- President: Alcide Ponga
- General Secretary: Didier-Jean Leroux
- Founded: 1977 (RPC) 1978 (RPCR) 2004 (Rally-UMP) 2014 (The Rally)
- Headquarters: 13, Rue Sébastopol - Centre Ville - 98800 Nouméa
- Ideology: Anti-separatism Gaullism Conservatism Liberal conservatism Christian democracy
- Political position: Centre-right to right-wing
- European affiliation: European People's Party
- International affiliation: Centrist Democrat International
- Colours: Red, blue
- Seats in the National Assembly: 0 / 2 (0%)
- Seats in the Senate: 1 / 2 (50%)
- Seats in the Congress: 6 / 54 (11%)
- Seats in the South Province: 5 / 40 (13%)
- Seats in the North Province: 2 / 40 (5%)
- Seats in the Loyalty Islands Province: 0 / 14 (0%)

Website
- www.rassemblement.nc

= The Rally (New Caledonia) =

The Rally (Le Rassemblement; until 2004 Rally for Caledonia in the Republic, Rassemblement pour une Calédonie dans la République; from 2004 to 2014 Rally–UMP) is a conservative political party in New Caledonia. The Rally is a loyalist party, supportive of the French status of the region and opposed to the independence of New Caledonia. It is affiliated with the Les Republicains party in mainland France. It is led by Alcide Ponga since April 2024 and in government since January 2025.

==History==
In 1977, which saw the start of an outright nationalist movement on the left, anti-nationalist (loyalist) Caldoche leader Jacques Lafleur founded the Rally for Caledonia (RPC) which became the Rally for Caledonia in the Republic (RPCR) in 1978 following its affiliation with the Rally for the Republic (RPR) in France. The RPCR was originally a big tent for a large majority of loyalists, whether they were liberals or close supporters of Jacques Chirac (such as Lafleur). However, the first cracks in the RPCR appeared in 1995, when Lafleur broke his historical friendship with Chirac to endorse Balladur in the 1995 presidential election in France. Didier Leroux, the strongman of the local managerial trade union and a close supporter of Jacques Chirac, left the RPCR to found a party named A New Caledonia for All. However, the RPCR remained, by far, the largest loyalist party in the 1994 and 1999 elections. It became the Rassemblement-UMP after the creation of the Union for a Popular Movement in France in 2002, but kept the RPCR acronym.

However, the RPCR started massively cracking ahead of the 2004 elections. In 2004, a group of RPCR dissidents who opposed Lafleur's authoritarian leadership formed the Future Together party.

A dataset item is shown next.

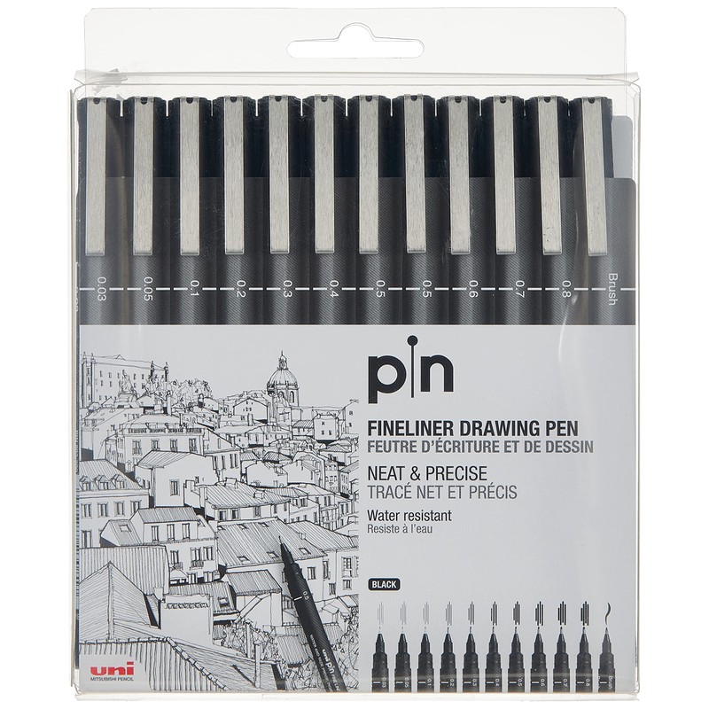 - UNI PIN FINELINER DRAWING PEN SET 12 BLACK

The new party included Marie-Noëlle Thémereau, who had left the RPCR in 2001 and supported Lionel Jospin in the 2002 French presidential election; Harold Martin, Lafleur's heir apparent but excluded in 2003 for running a dissident list in the 2001 local elections; and Philippe Gomès, a friend of Martin.

In the 2004 election, the RPCR received its worst result to date, obtaining 24.43% and only 16 Congressmen. Future Together won 22.69% and 16 seats, but it won more votes than the RPCR in the loyalist stronghold of South Province. Gomès became Provincial President, and Harold Martin became President of the Government of New Caledonia.

In 2005, Lafleur announced his intentions to step down in favour of Pierre Frogier, who represented New Caledonia's 2nd constituency and was a close supporter of the President of the UMP in France, soon-to-be-President Nicolas Sarkozy. Frogier was seen as Lafleur's chosen successor. However, he reneged on this decision and ran against Frogier for the RPCR leadership at the party congress. Frogier defeated Lafleur by a large margin, and Lafleur left the RPCR to form the Rally for Caledonia (RPC).

Despite its decline, the RPCR held both of New Caledonia's seats in the French National Assembly in the 2007 elections. In the 1st constituency, representing the capital city of Nouméa, Gaël Yanno defeated a Kanak nationalist but most notably the incumbent, Jacques Lafleur, who had won the seat since 1986.

In the 2009 election, the RPCR obtained a lower result than in 2004, despite the division in Future Together. The RPCR obtained only 20.3% and a mere 13 Congressmen. However, the RPCR regained its status as largest party in New Caledonia and achieved first place in the South Province.